Psychiatric Quarterly
- Discipline: Psychiatry
- Language: English
- Edited by: Jonathan M. DePierro, PhD

Publication details
- Former name(s): The State Hospital Quarterly
- History: 1915-present
- Publisher: Springer Science+Business Media
- Frequency: Quarterly
- Impact factor: 1.327 (2010)

Standard abbreviations
- ISO 4: Psychiatr. Q.

Indexing
- CODEN: PSQUAP
- ISSN: 0033-2720 (print) 1573-6709 (web)
- OCLC no.: 01715671

Links
- Journal homepage; Online access;

= Psychiatric Quarterly =

The Psychiatric Quarterly is a peer-reviewed medical journal that was established in 1915 as The State Hospital Quarterly ( and ). It obtained its current name in 1927. The publication's founding editor-in-chief was Horatio Pollock.

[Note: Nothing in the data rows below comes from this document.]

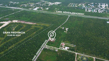 Localizado a solo 500 metros de la carretera Mérida-Progreso y en avenida principal que conecta con todas las privadas de la zona, la cual es una vía rápida permite el acceso directo hacia el terreno sin atravesar ningún poblado (carretera a Sierra Papacal).
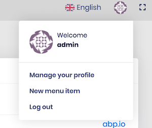 app.component.tsfile to replace user nav element as shown below:import { ABP, // imported ApplicationConfiguration, // imported AuthService, // imported ConfigState, // imported LazyLoadService, LOADING_STRATEGY, SessionState, // imported } from '@abp/ng.core'; import { Component, OnInit, TemplateRef, ViewChild } from '@angular/core'; // imported TemplateRef and ViewChild import { Router } from '@angular/router'; // added this line import { Select, Store } from '@ngxs/store'; // added this line import { forkJoin, Observable } from 'rxjs'; // imported Observable import { AddNavigationElement, eNavigationElementNames } from '@volo/abp.ng.theme.lepton'; // added this line @Component({ selector: 'app-root', template: ` <abp-loader-bar></abp-loader-bar> <router-outlet></router-outlet> <!-- Added below template --> <ng-template #currentUser> <li class="nav-item" *ngIf="currentUser$ | async as user"> <ng-template #loginBtn> <a role="button" routerLink="/account/login" class="btn ">{{ 'AbpAccount::Login' | abpLocalization }}</a> </ng-template> <div *ngIf="user.isAuthenticated; else loginBtn" class="dropdown btn-group" ngbDropdown> <a ngbDropdownToggle class="btn pointer"> <abp-current-user-image [currentUser]="user" classes="user-avatar" ></abp-current-user-image> <span class="d-lg-none ml-1"> <small *ngIf="(selectedTenant$ | async)?.name as tenantName" ><i>{{ tenantName }}</i></small > <span>{{ user.userName }}</span> </span> </a> <div ngbDropdownMenu class="dropdown-menu dropdown-menu-right"> <div class="p-2 row"> <div class="pr-0 col col-auto"> <abp-current-user-image [currentUser]="user" classes="user-avatar-big" ></abp-current-user-image> </div> <div class="pl-2 col"> <span>{{ 'AbpAccount::Welcome' | abpLocalization }}</span ><br /> <small *ngIf="(selectedTenant$ | async)?.name as tenantName" ><i>{{ tenantName }}</i></small > <strong>{{ user.userName }}</strong> </div> </div> <div class="dropdown-divider"></div> <a class="dropdown-item pointer" routerLink="/account/manage-profile">{{ 'AbpAccount::ManageYourProfile' | abpLocalization }}</a> <a class="dropdown-item pointer"> New menu item</a> <a class="dropdown-item pointer" id="logout" (click)="logout()">{{ 'AbpUi::Logout' | abpLocalization }}</a> </div> </div> </li> </ng-template> `, }) export class AppComponent implements OnInit { // added @Select(ConfigState.getOne('currentUser')) currentUser$: Observable<ApplicationConfiguration.CurrentUser>; // added @Select(SessionState.getTenant) selectedTenant$: Observable<ABP.BasicItem>; // added @ViewChild('currentUser', { static: false }) currentUserTemplate: TemplateRef<any>; constructor( private lazyLoadService: LazyLoadService, private router: Router, // injected private authService: AuthService, // injected private store: Store, // injected ) {} ngOnInit() { forkJoin([ this.lazyLoadService.load(LOADING_STRATEGY.PrependAnonymousStyleToHead('flag-icon.min.css')), this.lazyLoadService.load( LOADING_STRATEGY.PrependAnonymousStyleToHead('fontawesome-v4-shims.min.css'), ), this.lazyLoadService.load( LOADING_STRATEGY.PrependAnonymousStyleToHead('fontawesome-all.min.css'), ), ]).subscribe(); } // added ngAfterViewInit() { this.store.dispatch( new AddNavigationElement({ element: this.currentUserTemplate, name: eNavigationElementNames.User, order: 5, }), ); } // added logout() { this.authService.logout().subscribe(() => { this.router.navigate(['/'], { state: { redirectUrl: this.router.url } }); }); } }We will work to replace the menu elements easily. Probably this document will be updated and covered the new way for replacement in v2.9.
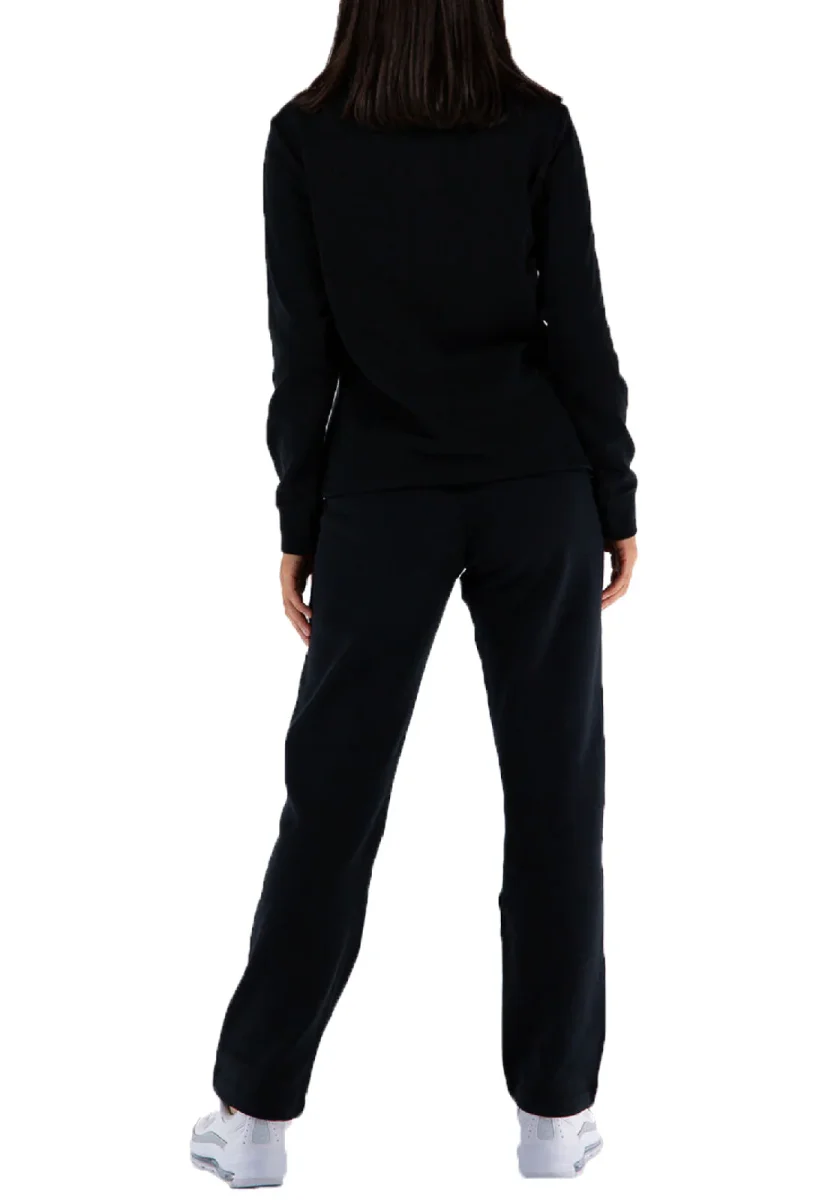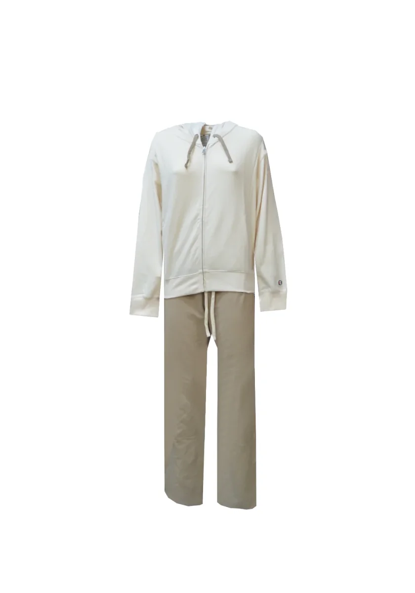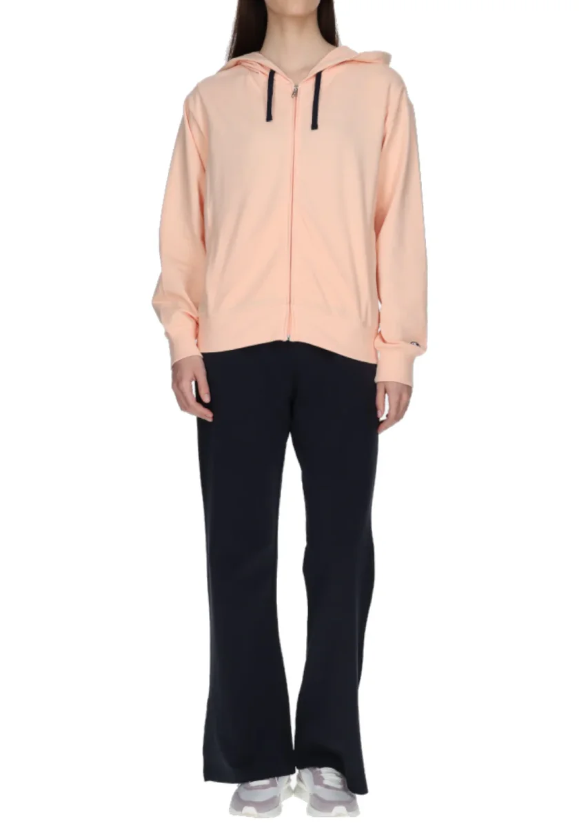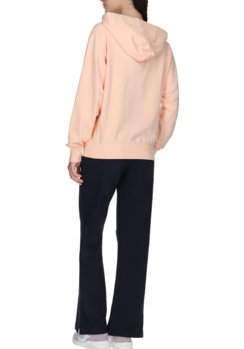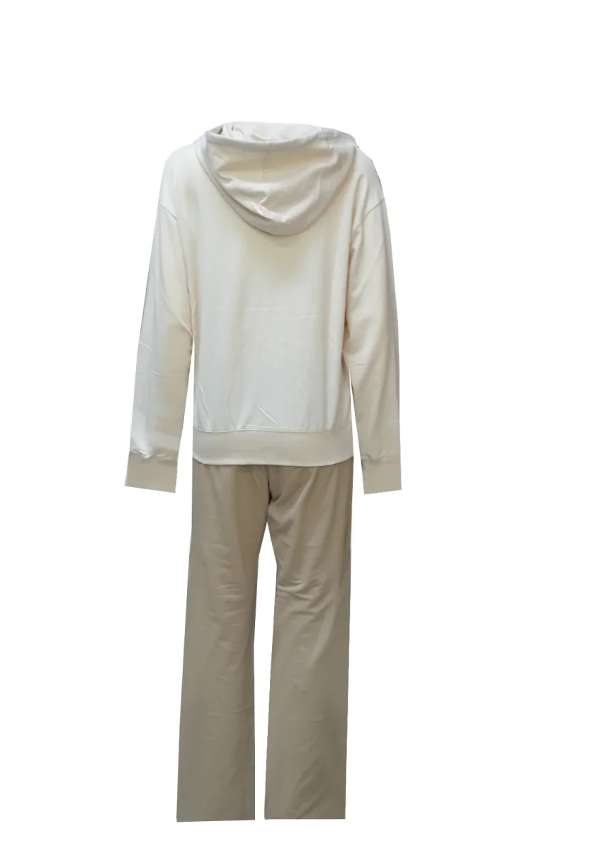 La felpa presenta cappuccio con coulisse, chiusura con cerniera e due tasche anteriori, mentre il pantalone, dal taglio largo, ha due spacchetti laterali e vita elastica.
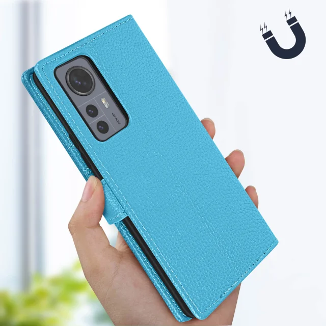 Ovitek za Xiaomi 12 in 12X z magnetnim zavihkom, držalom za kartico in denarnico - moder
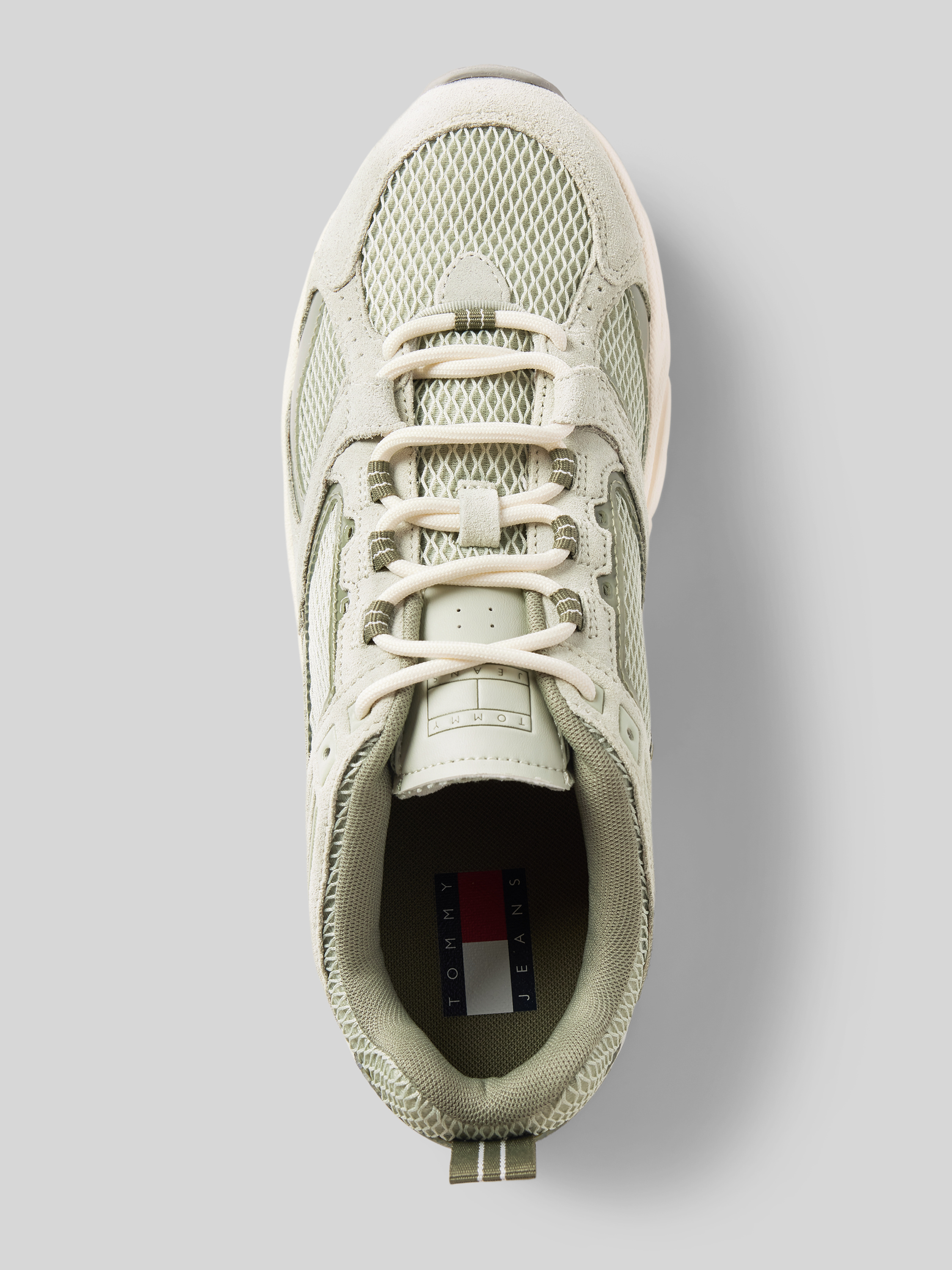 Der Herren Low Top Sneaker von Tommy Jeans kombiniert eine abgerundete Form mit Two-Tone-Optik und strukturiert dämpfender Sohle. Rindsleder-Details unterstreichen die hochwertige Verarbeitung, während der Materialmix aus Wildleder und Textil für angenehmen Tragekomfort sorgt. So eignet sich das Modell vielseitig im Alltag.

== Abstracting and indexing ==
The journal is abstracted and indexed in the Science Citation Index, PubMed, and EMBASE, among others. According to the Journal Citation Reports, the journal has a 2010 impact factor of 1.327, ranking it 62nd out of 110 journals in the category "Psychiatry".

== In popular culture ==
In the 2002 episode "Surprise!" of the program Greg the Bunny, it is revealed that character Dottie Sunshine is a reader of Psychiatric Quarterly.